[The task]
Write out again, word for word, the lines below from the line that holds "Единый регион показов" through the line that holds "3.5-9.5T及SPEC10.5T 13.5T 17.5T", omitting pictures.

BEGIN Dataset content

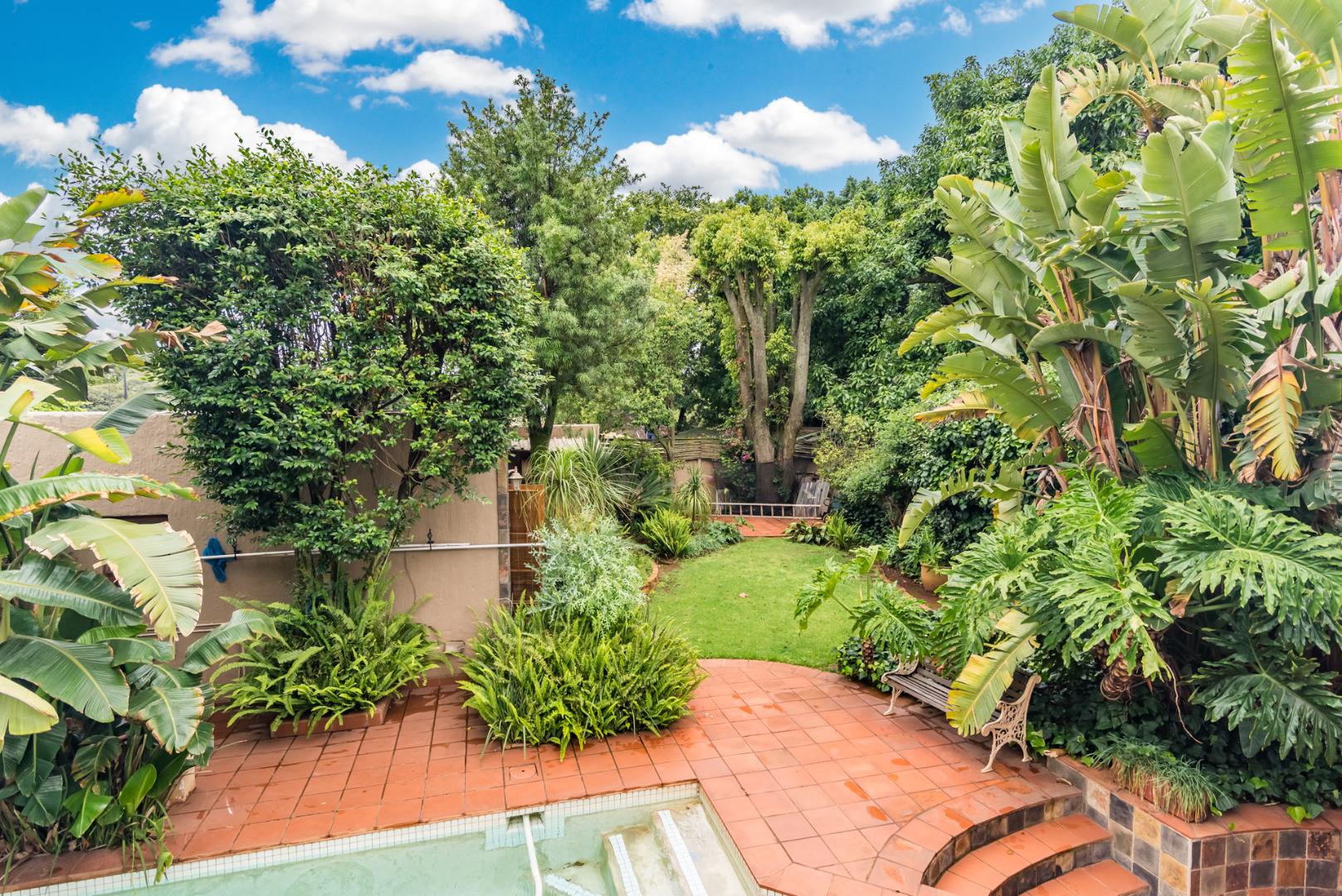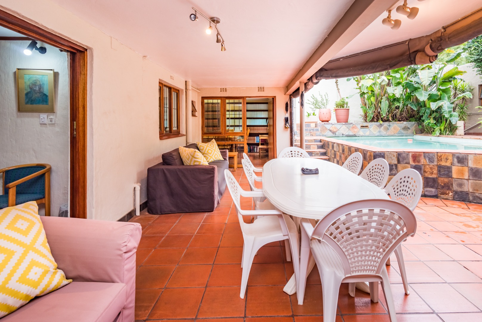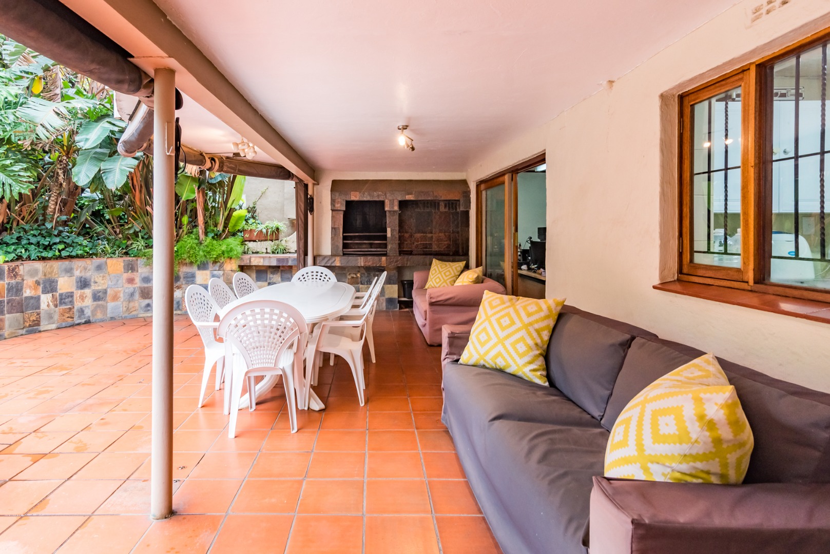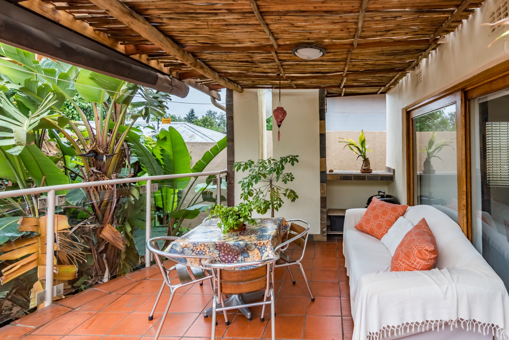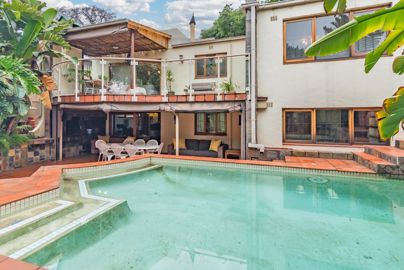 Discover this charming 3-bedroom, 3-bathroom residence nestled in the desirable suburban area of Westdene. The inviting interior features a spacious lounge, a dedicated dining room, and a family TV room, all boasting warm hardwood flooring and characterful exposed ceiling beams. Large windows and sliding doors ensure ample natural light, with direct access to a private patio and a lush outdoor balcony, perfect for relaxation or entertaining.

END Dataset content
BEGIN Dataset content

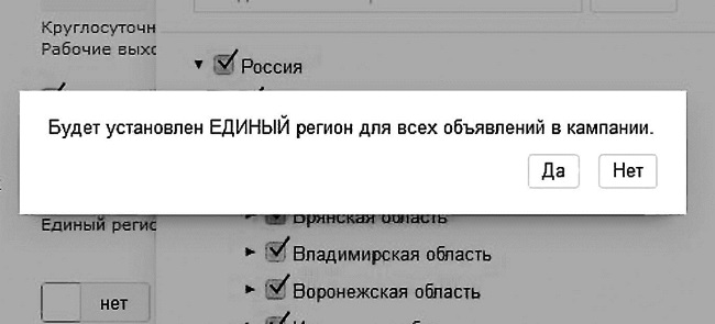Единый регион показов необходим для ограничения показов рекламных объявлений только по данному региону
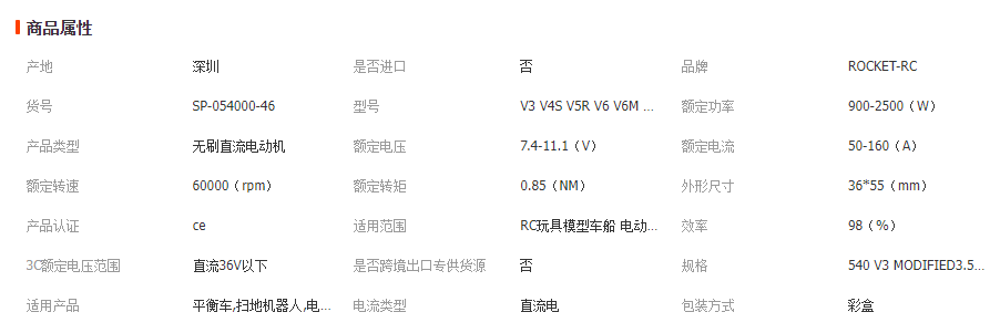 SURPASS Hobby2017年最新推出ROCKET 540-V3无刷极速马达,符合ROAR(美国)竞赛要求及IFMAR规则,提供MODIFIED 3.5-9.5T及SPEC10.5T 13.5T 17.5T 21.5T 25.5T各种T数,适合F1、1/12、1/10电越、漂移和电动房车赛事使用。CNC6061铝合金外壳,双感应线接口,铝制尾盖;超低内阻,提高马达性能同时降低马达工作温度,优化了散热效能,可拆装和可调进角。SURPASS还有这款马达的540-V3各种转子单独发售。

END Dataset content

[Response area]
Единый регион показов необходим для ограничения показов рекламных объявлений только по данному региону
 SURPASS Hobby2017年最新推出ROCKET 540-V3无刷极速马达,符合ROAR(美国)竞赛要求及IFMAR规则,提供MODIFIED 3.5-9.5T及SPEC10.5T 13.5T 17.5T 21.5T 25.5T各种T数,适合F1、1/12、1/10电越、漂移和电动房车赛事使用。CNC6061铝合金外壳,双感应线接口,铝制尾盖;超低内阻,提高马达性能同时降低马达工作温度,优化了散热效能,可拆装和可调进角。SURPASS还有这款马达的540-V3各种转子单独发售。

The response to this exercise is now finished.